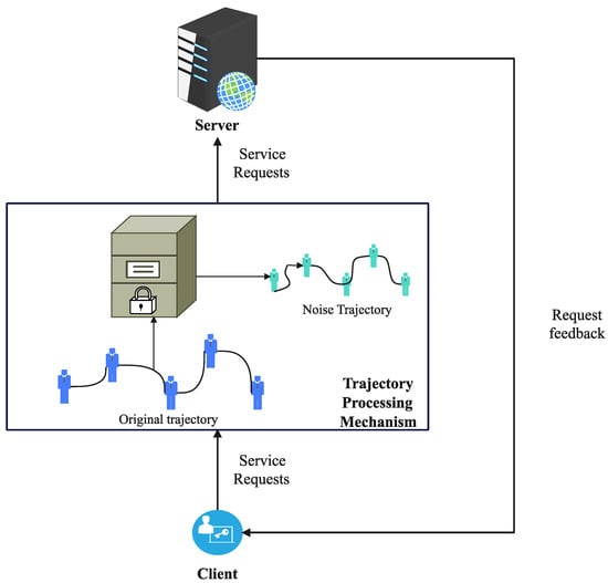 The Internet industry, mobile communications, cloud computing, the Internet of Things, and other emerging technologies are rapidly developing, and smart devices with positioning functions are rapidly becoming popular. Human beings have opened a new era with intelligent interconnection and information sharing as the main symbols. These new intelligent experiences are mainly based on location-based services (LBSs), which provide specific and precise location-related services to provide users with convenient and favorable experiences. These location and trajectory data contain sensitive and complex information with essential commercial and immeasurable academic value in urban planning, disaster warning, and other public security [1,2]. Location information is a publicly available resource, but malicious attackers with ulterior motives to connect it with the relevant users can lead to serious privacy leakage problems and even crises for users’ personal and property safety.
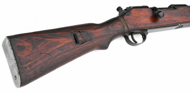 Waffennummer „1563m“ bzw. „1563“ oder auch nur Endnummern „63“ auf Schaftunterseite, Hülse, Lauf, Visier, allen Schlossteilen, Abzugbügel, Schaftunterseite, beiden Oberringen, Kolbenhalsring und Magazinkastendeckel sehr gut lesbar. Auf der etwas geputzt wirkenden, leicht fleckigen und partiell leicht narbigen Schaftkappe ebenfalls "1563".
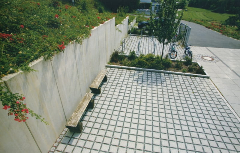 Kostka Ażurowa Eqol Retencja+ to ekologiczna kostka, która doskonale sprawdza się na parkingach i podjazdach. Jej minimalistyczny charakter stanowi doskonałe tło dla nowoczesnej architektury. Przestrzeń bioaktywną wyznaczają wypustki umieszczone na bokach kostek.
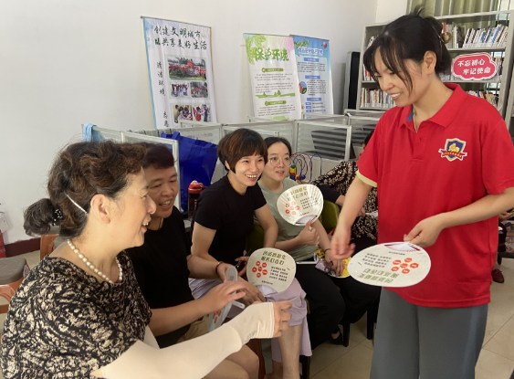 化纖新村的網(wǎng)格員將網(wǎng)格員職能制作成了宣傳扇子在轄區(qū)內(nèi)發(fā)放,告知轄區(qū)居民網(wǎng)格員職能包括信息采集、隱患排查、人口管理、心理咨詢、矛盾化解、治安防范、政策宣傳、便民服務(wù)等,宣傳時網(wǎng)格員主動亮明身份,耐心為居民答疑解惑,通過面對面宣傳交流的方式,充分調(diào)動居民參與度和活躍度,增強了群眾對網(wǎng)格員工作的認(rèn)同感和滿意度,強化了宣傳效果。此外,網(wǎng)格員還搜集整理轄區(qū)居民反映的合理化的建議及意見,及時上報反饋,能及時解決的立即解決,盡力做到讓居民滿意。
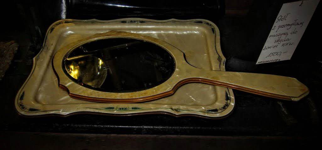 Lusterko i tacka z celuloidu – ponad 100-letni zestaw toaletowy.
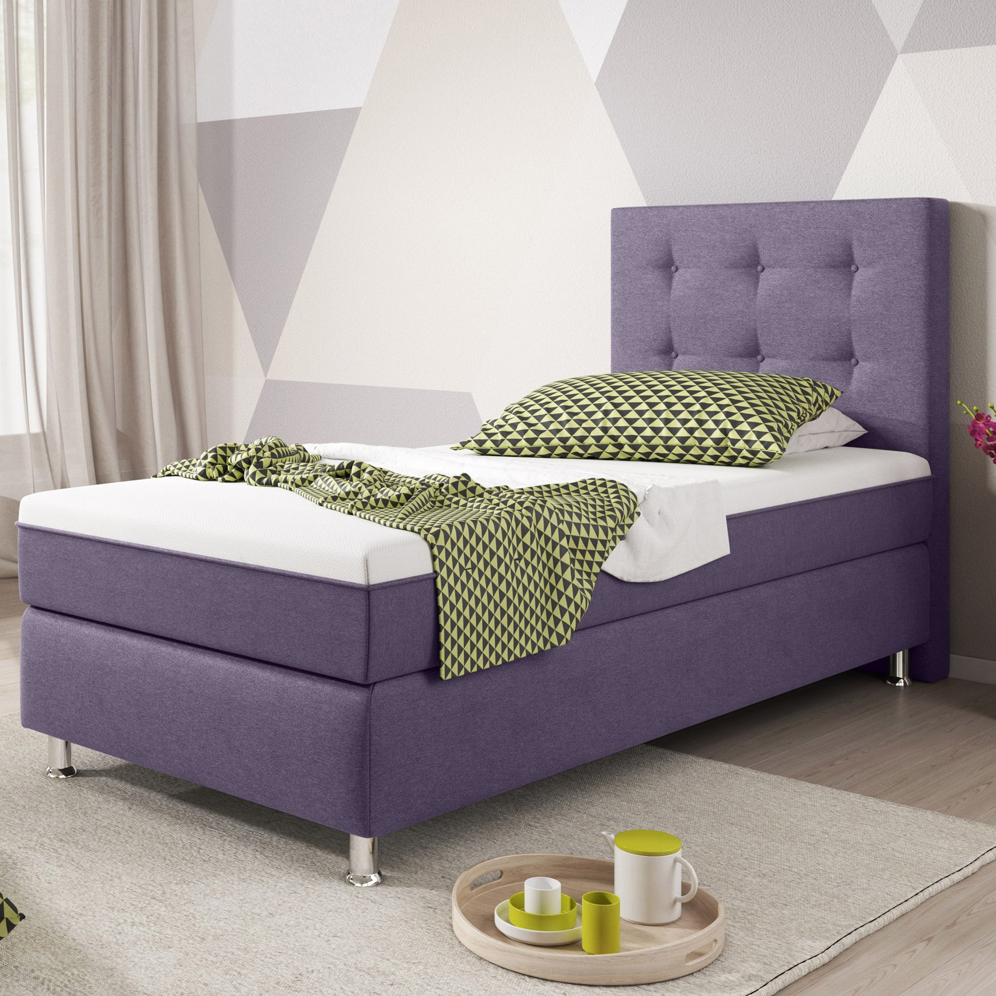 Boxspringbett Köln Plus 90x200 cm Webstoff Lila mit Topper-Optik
+--
**YOUR ASSIGNMENT**
Go through the material and set it down again exactly, but without any pictures.

**RESPONSE AREA**
 The Internet industry, mobile communications, cloud computing, the Internet of Things, and other emerging technologies are rapidly developing, and smart devices with positioning functions are rapidly becoming popular. Human beings have opened a new era with intelligent interconnection and information sharing as the main symbols. These new intelligent experiences are mainly based on location-based services (LBSs), which provide specific and precise location-related services to provide users with convenient and favorable experiences. These location and trajectory data contain sensitive and complex information with essential commercial and immeasurable academic value in urban planning, disaster warning, and other public security [1,2]. Location information is a publicly available resource, but malicious attackers with ulterior motives to connect it with the relevant users can lead to serious privacy leakage problems and even crises for users’ personal and property safety.
 Waffennummer „1563m“ bzw. „1563“ oder auch nur Endnummern „63“ auf Schaftunterseite, Hülse, Lauf, Visier, allen Schlossteilen, Abzugbügel, Schaftunterseite, beiden Oberringen, Kolbenhalsring und Magazinkastendeckel sehr gut lesbar. Auf der etwas geputzt wirkenden, leicht fleckigen und partiell leicht narbigen Schaftkappe ebenfalls "1563".
 Kostka Ażurowa Eqol Retencja+ to ekologiczna kostka, która doskonale sprawdza się na parkingach i podjazdach. Jej minimalistyczny charakter stanowi doskonałe tło dla nowoczesnej architektury. Przestrzeń bioaktywną wyznaczają wypustki umieszczone na bokach kostek.
 化纖新村的網(wǎng)格員將網(wǎng)格員職能制作成了宣傳扇子在轄區(qū)內(nèi)發(fā)放,告知轄區(qū)居民網(wǎng)格員職能包括信息采集、隱患排查、人口管理、心理咨詢、矛盾化解、治安防范、政策宣傳、便民服務(wù)等,宣傳時網(wǎng)格員主動亮明身份,耐心為居民答疑解惑,通過面對面宣傳交流的方式,充分調(diào)動居民參與度和活躍度,增強了群眾對網(wǎng)格員工作的認(rèn)同感和滿意度,強化了宣傳效果。此外,網(wǎng)格員還搜集整理轄區(qū)居民反映的合理化的建議及意見,及時上報反饋,能及時解決的立即解決,盡力做到讓居民滿意。
 Lusterko i tacka z celuloidu – ponad 100-letni zestaw toaletowy.
 Boxspringbett Köln Plus 90x200 cm Webstoff Lila mit Topper-Optik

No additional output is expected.